— Молодец! — заорал Никита, которого безумный наряд Рододендрона почему-то несказанно обрадовал.
Пока Рододендрон держал под прицелом ифритов, из дыры один за другим выпрыгивали повстанцы, все как один облаченные в нелепые зеркальные доспехи, — первым появился Махно, которого трюмо скрывало полностью, кроме верхней части патлатой головы и рук, высовывающихся из специально прорезанных для этого отверстий. Окружающий мир батька мог видеть через узкую смотровую щель. В одной руке у батьки была обнаженная шашка, а в другой миниатюрный пистолет-пылесос, из которого Махно немедленно застрелил ближайшего к нему ифрита — очевидно, для устрашения присутствующих, потому что до того, как расплавиться под струей из кишки пылесоса в зеленую зловонную лужицу, ифрит мирно лежал на полу, заложив лапы за голову. Соловей-разбойник с молодецким посвистом подбежал к ибн Сулейману и, выкрикнув:
— День твой последний приходит, буржуй! — влепил ему прикладом пистолета-пылесоса промеж глаз правой головы.
Ибн Сулейман молча рухнул на пол и немедленно притворился смертельно раненным. Юлия — очень похожая на перекачанную амазонку с картинок Бориса Валеджо — длинной дубиной сшибала с ног ифритов, по глупости решивших противостоять повстанцам.
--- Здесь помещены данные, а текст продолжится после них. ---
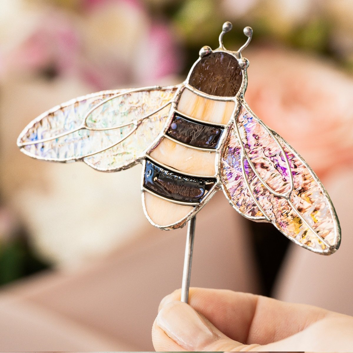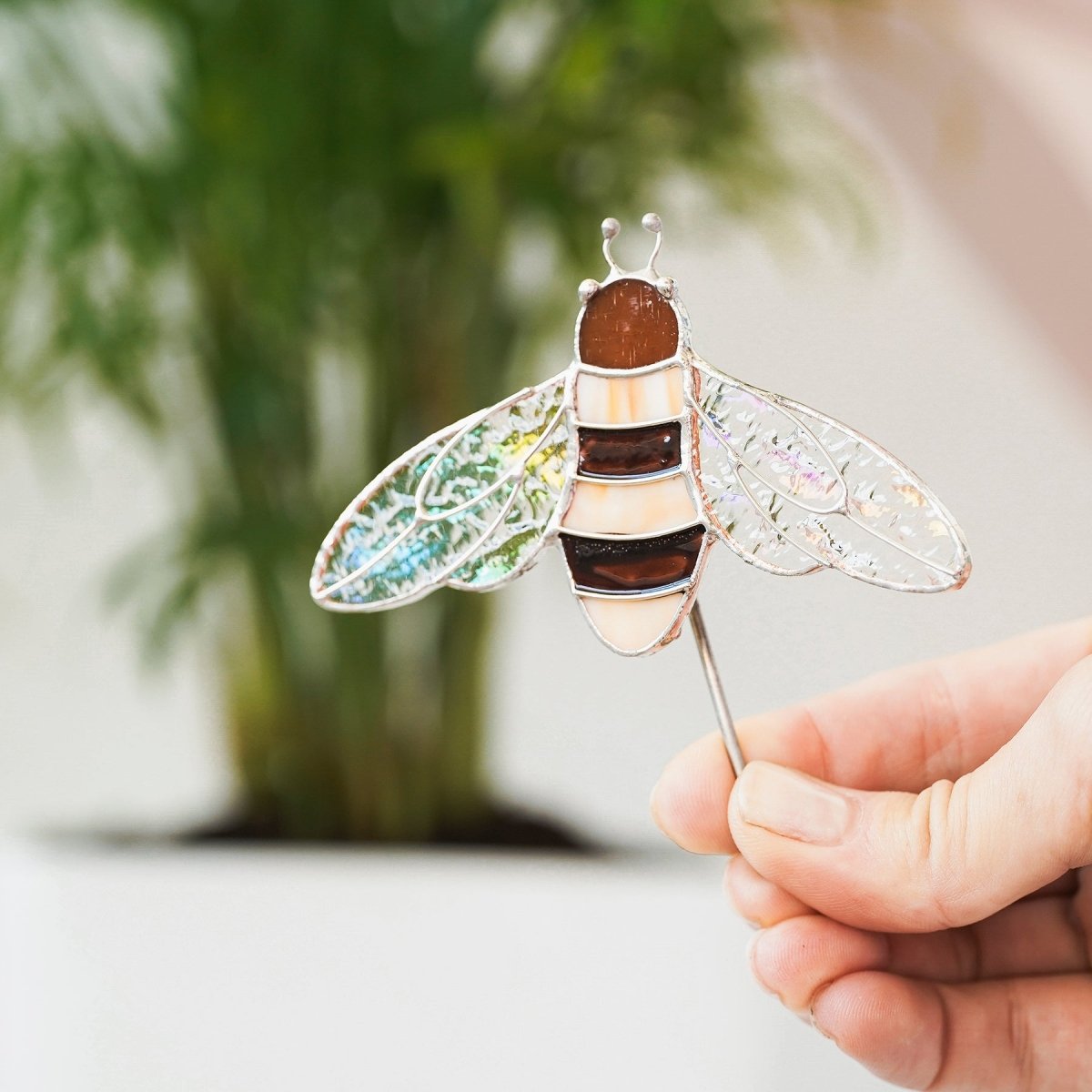 This Bee Garden Art piece is not only a thoughtful honeymoon gift or wedding present, but also a unique and heartfelt gift for any bee lover. The suncatcher's radiant colors and exquisite craftsmanship make it a standout piece, perfect for brightening up any room or outdoor space. Celebrate nature and artistry with this beautiful stained glass bee, a timeless treasure that will be cherished for years to come.
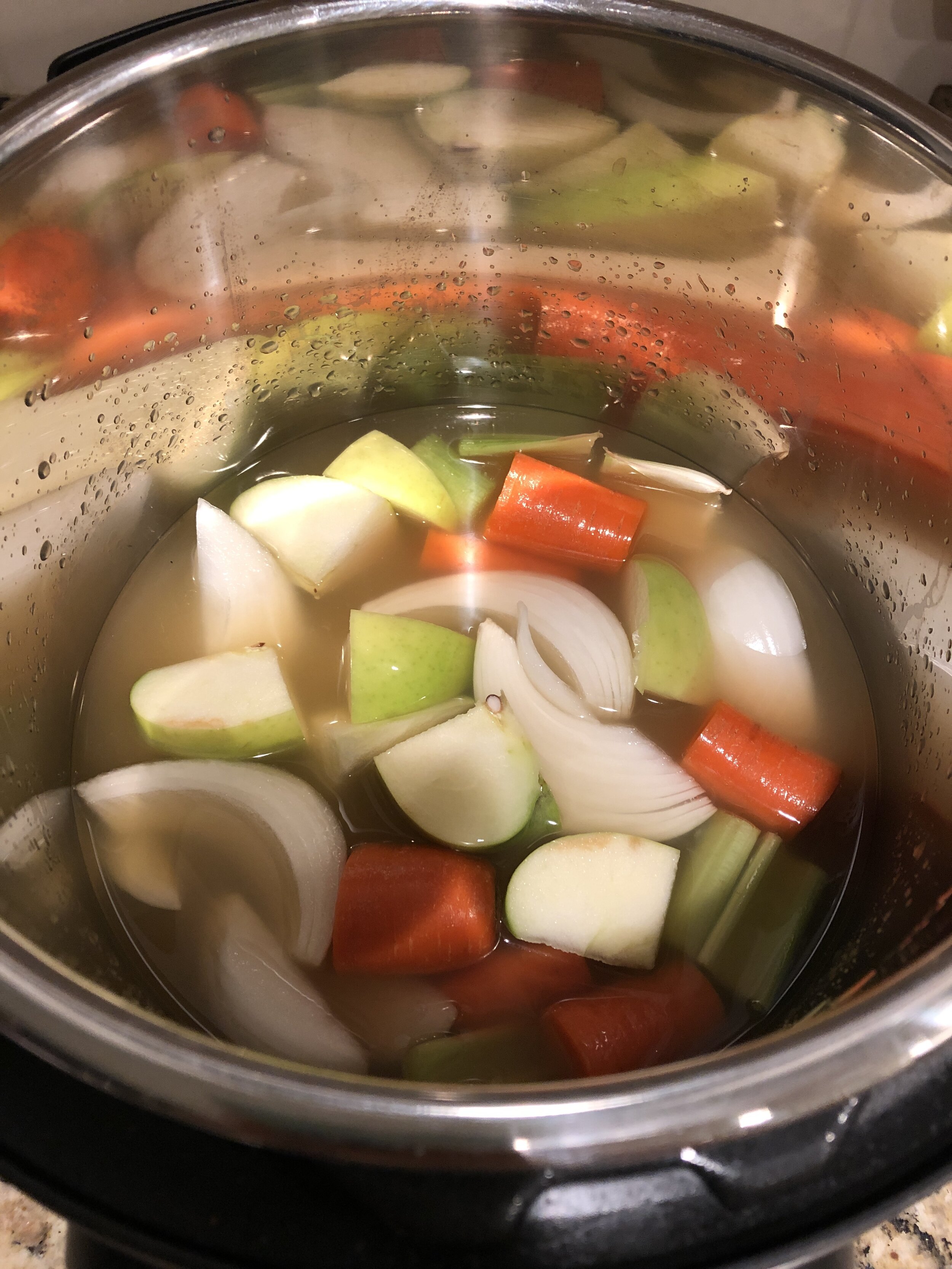 In the meantime, roughly chop up the carrot, celery, apple and onion. Place at the bottom of the Instant Pot, then add two cups of chicken broth.
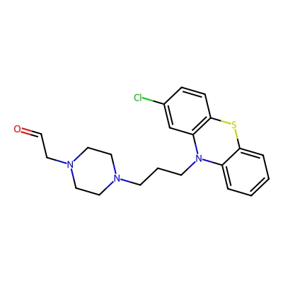 | CCSBASE_BCE607B629 | Perphenazine_met005 | [M+H]+ | 402.1407 | 188.1 | C1CN(CCN1CCCN2C3=CC=CC=C3SC4=C2C=C(C=C4)Cl)CC=O | Organoheterocyclic compounds | 1 | 25 | DT | single field, calibrated | |
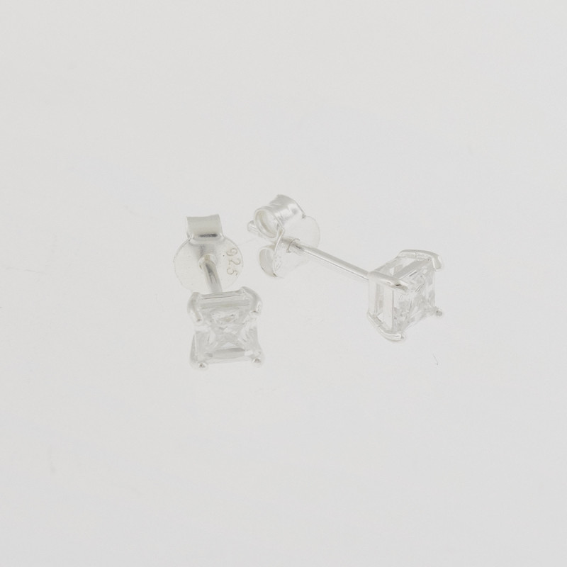 Brinco de Prata Ponto de Luz Quadrado Zircônia 4mm

Никита, еще слишком слабый, чтобы включиться в битву, истерически хохотал. Конвойные пытались было по шумок выволочь его из зала, но Махно, взгромоздившийся тем временем на Барсю, проскакав мимо, одним ударом шашки срубил двум ифритам по голове — одному левую, другому соответственно правую. Переливчатый свист Соловья-разбойника подкреплялся разбойничьей песней, которую исполняли зависшие под потолком Степанида Прокофьевна и просто-Прокофьевна:
— Гоп-стоп! Мы подошли из-за угла!
Гоп-стоп! Ты много на себя взяла!…
Через несколько секунд ПОПУ в полном составе находилась в зале, но через несколько секунд и свита На Вал Ляю успела опомниться от первого потрясения.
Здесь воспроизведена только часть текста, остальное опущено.